Los inconvenientes que está originando la “bimodalidad” en los establecimientos educativos, principalmente de gestión estatal, este año (por no mencionar lo ocurrido en el 2020) y la complicada reconexión de los niños y jóvenes con la escolaridad presencial actual demuestra con crudeza qué poca importancia estratégica le otorga la sociedad y las autoridades públicas a la educación.

Hasta ahora todo indica que nuestros dirigentes involucrados con la reforma estarían pasando por alto el drama educativo que afecta especialmente a los salteños y que se agravó con la COVID-19, como si la educación no fuera un derecho esencial.

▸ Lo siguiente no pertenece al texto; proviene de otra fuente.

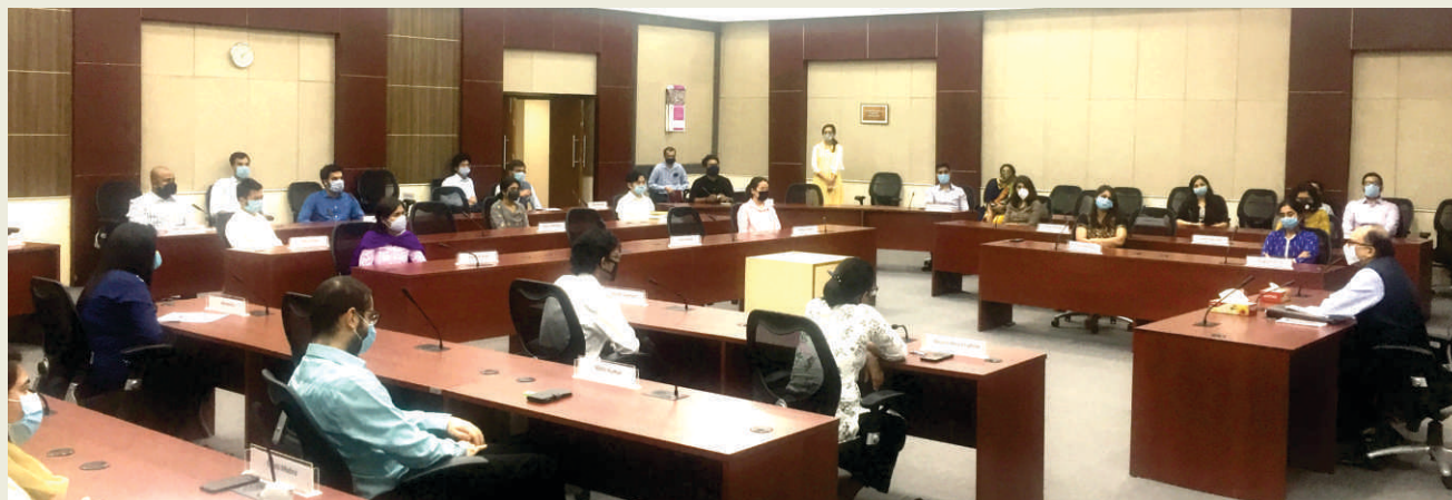
(Address by Dean (SSIFS) to IFS OTs in the Phase-II of ITP)
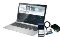
SECard configuration kit, SSCP® v1 & v2 and OSDP™ protocols
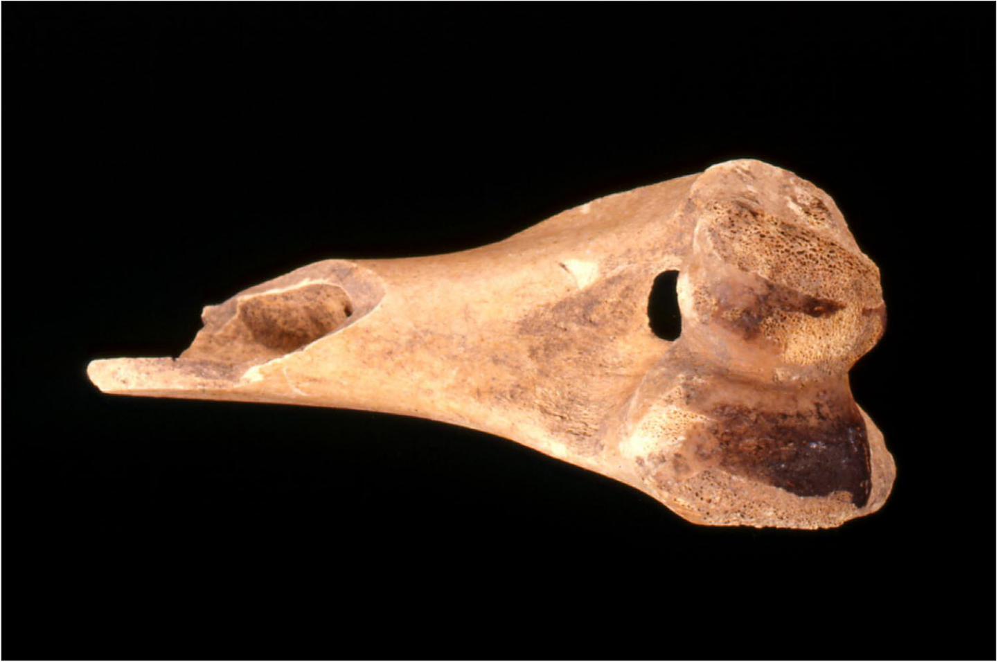
DW Burnt pig humerus

3. Around 80,000 animal bones, probably from at least 1,000 animals, have been found in the middens at Durrington Walls.
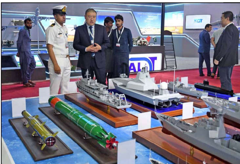
KARACHI: Visitors inspect military armunitions during the International Defence Exhibition and seminar (IDEAS), in the Provincial Capital.

close monitor dialysis centres across the province. The CM expressed strong indignation over the spread of AIDS in Multan and sought a report within 24 hours. She said, "Spreading of AIDS among dialysis patients is not only regrettable but also shameful. Halting dialysis procedure due to non-availability of funds is regrettable and it should continue." It was apprised during the briefing that patients from other provinces are also

No pareciera estar contemplado como punto clave de la reforma cuáles son los aspectos y las perspectivas que refieren a la proyección de las necesidades y soluciones educativas que impone el siglo XXI.

La actual Constitución que se pretende reformar fue sancionada el 2 de junio de 1986, reformada parcialmente, concordada y sancionada por la Convención Constituyente el día 7 de abril de 1998 y jurada el día 8 del mismo mes y año. Desde ese entonces a hoy hubo cambios normativos y de contexto que afectaron sustancialmente a la cuestión educativa a nivel nacional y que la Constitución local aún no refleja explícitamente.

Una oportunidad histórica

Podría ser una oportunidad histórica, que impone el tiempo actual, para actualizar las bases sobre la que se asienta el sistema educativo salteño; personalmente incluiría primordialmente en el debate al actual art. 49, que habla de las bases del sistema educativo local y el art. 76 relacionado al mismo, para destacar la importancia de la educación en el Desarrollo Económico y Social de la provincia. Algo semejante a lo que ocurrió en la última reforma de la Constitución nacional cuando se incorpora la “cláusula de progreso” y la relaciona directamente con los aspectos educativos.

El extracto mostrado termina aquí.